Your copy should start at the line with "Imagens de uma" and end at the line with "The Light and" in the data below. Transcribe only those lines, exactly, pictures excluded.

### DATA SUPPLIED
☆ ☆ ☆ ☆ ☆
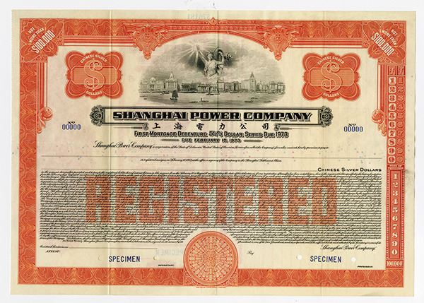 Shanghai, China, 1933, $-Odd, "Not More Than $100,000 Chinese Silver Dollars, Specimen Bond, Registered 5 1/2% 1st Mortgage Debenture Dollar Series Due 1973, panorama of Shanghai City and harbor. XF condition, ABNC. Rare Chinese Utility Specimen Bond.
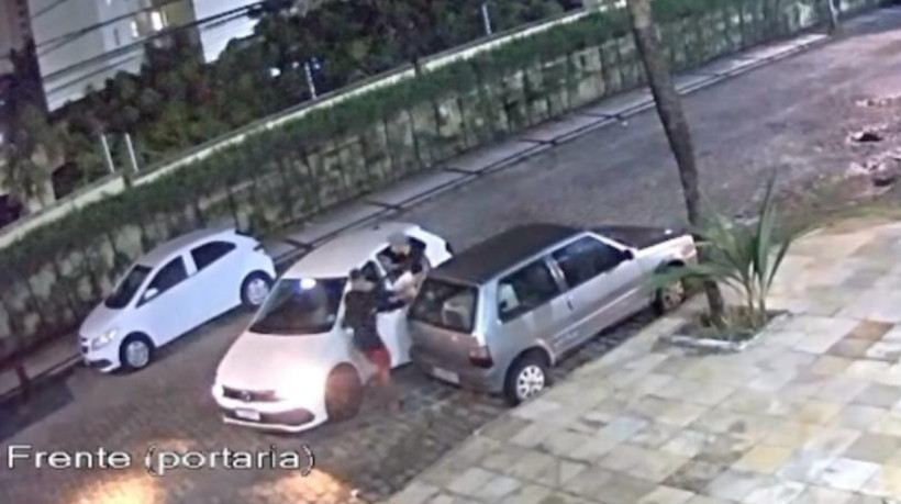 Imagens de uma câmera de segurança registraram o momento em que o veículo chega e dois suspeitos aboradam o motorista. O condutor ainda tenta sair com o carro para evitar o assalto, mas os suspeitos começam a tirar os pertences da vítima pela janela do veículo.
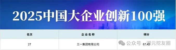 其中,三一在“中国大企业创新100强”和“中国跨国公司100大”中分列第27位和第42位,为行业最高排名。
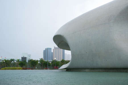 The Light and Shadow Nautilus art structure outside The Ring Shopping Mall in Chongqing, China. It is a large, spiraling metal structure designed to resemble a nautilus shell
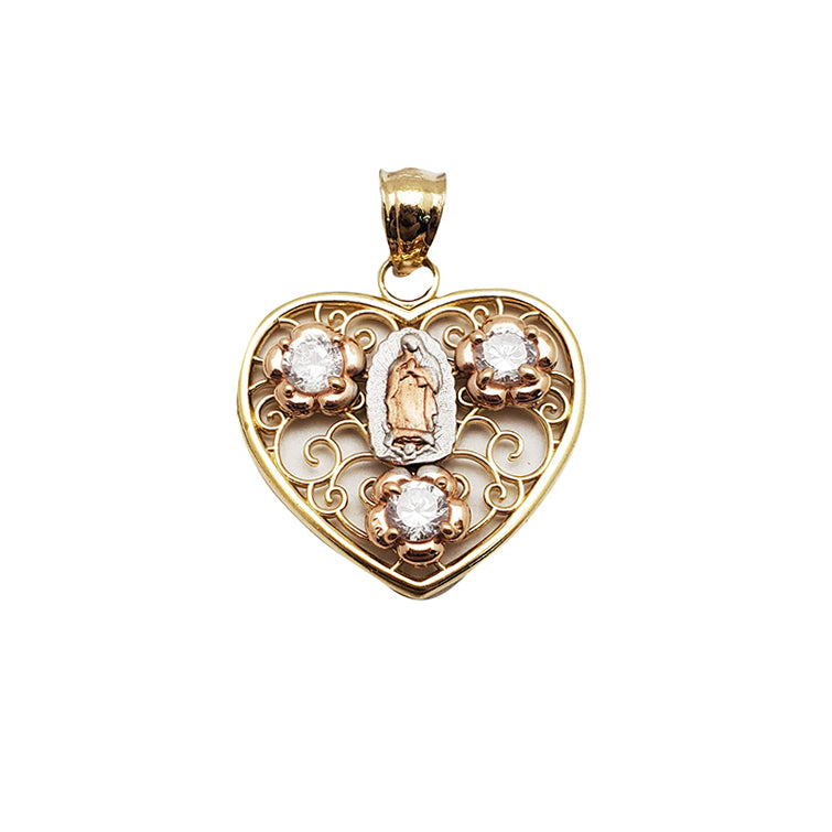 Tri-Color Heart Frame Guadalupe Pendant (14K)
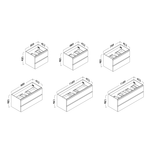 Milano ofrece muebles de dos cajones de madera con un uñero exclusivo en forma de «J» como sistema de apertura.
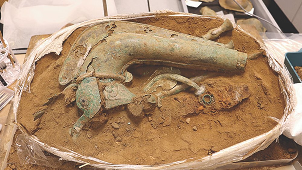Archaeologists find near-complete Iron Age battle trumpet
☆ ☆ ☆ ☆ ☆
### SOLUTION TO THIS PROBLEM
 Imagens de uma câmera de segurança registraram o momento em que o veículo chega e dois suspeitos aboradam o motorista. O condutor ainda tenta sair com o carro para evitar o assalto, mas os suspeitos começam a tirar os pertences da vítima pela janela do veículo.
 其中,三一在“中国大企业创新100强”和“中国跨国公司100大”中分列第27位和第42位,为行业最高排名。
 The Light and Shadow Nautilus art structure outside The Ring Shopping Mall in Chongqing, China. It is a large, spiraling metal structure designed to resemble a nautilus shell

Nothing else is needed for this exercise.